> [ACTIVITY]:
Look through the data below for the line with "Akademia Sztuk Pięknych" and the line with "在每日价格图表上,TRX的价", then output those two and all lines in between, exactly as written.

> [MATERIAL PROVIDED]:
● ● ● ●
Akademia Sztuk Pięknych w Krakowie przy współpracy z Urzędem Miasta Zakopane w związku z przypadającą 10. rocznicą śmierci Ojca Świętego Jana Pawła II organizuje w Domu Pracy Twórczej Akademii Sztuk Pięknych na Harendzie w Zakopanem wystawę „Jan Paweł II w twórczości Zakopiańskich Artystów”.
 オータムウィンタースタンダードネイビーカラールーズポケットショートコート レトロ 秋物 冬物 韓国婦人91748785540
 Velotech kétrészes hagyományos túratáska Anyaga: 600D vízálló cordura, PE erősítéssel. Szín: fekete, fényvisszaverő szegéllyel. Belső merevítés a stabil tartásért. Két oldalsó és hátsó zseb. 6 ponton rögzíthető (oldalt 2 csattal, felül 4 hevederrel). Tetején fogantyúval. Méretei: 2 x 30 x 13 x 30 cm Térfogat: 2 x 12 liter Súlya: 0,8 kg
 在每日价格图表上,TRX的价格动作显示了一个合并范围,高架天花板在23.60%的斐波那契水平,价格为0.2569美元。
● ● ● ●
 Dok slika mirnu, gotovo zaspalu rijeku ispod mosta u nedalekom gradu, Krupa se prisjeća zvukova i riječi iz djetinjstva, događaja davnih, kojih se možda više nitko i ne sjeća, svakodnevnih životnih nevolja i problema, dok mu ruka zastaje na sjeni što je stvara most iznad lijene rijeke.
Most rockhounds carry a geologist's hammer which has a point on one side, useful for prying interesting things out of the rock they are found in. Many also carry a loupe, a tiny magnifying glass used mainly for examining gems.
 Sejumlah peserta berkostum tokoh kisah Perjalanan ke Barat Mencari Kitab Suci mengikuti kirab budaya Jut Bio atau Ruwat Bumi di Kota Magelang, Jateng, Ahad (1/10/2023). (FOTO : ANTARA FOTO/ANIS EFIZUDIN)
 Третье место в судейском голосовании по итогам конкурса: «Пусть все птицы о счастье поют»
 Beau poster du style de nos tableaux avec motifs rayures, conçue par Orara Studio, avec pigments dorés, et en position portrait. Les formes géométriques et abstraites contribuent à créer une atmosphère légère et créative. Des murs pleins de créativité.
● ● ● ●
> [PROBLEM SOLUTION]:
Akademia Sztuk Pięknych w Krakowie przy współpracy z Urzędem Miasta Zakopane w związku z przypadającą 10. rocznicą śmierci Ojca Świętego Jana Pawła II organizuje w Domu Pracy Twórczej Akademii Sztuk Pięknych na Harendzie w Zakopanem wystawę „Jan Paweł II w twórczości Zakopiańskich Artystów”.
 オータムウィンタースタンダードネイビーカラールーズポケットショートコート レトロ 秋物 冬物 韓国婦人91748785540
 Velotech kétrészes hagyományos túratáska Anyaga: 600D vízálló cordura, PE erősítéssel. Szín: fekete, fényvisszaverő szegéllyel. Belső merevítés a stabil tartásért. Két oldalsó és hátsó zseb. 6 ponton rögzíthető (oldalt 2 csattal, felül 4 hevederrel). Tetején fogantyúval. Méretei: 2 x 30 x 13 x 30 cm Térfogat: 2 x 12 liter Súlya: 0,8 kg
 在每日价格图表上,TRX的价格动作显示了一个合并范围,高架天花板在23.60%的斐波那契水平,价格为0.2569美元。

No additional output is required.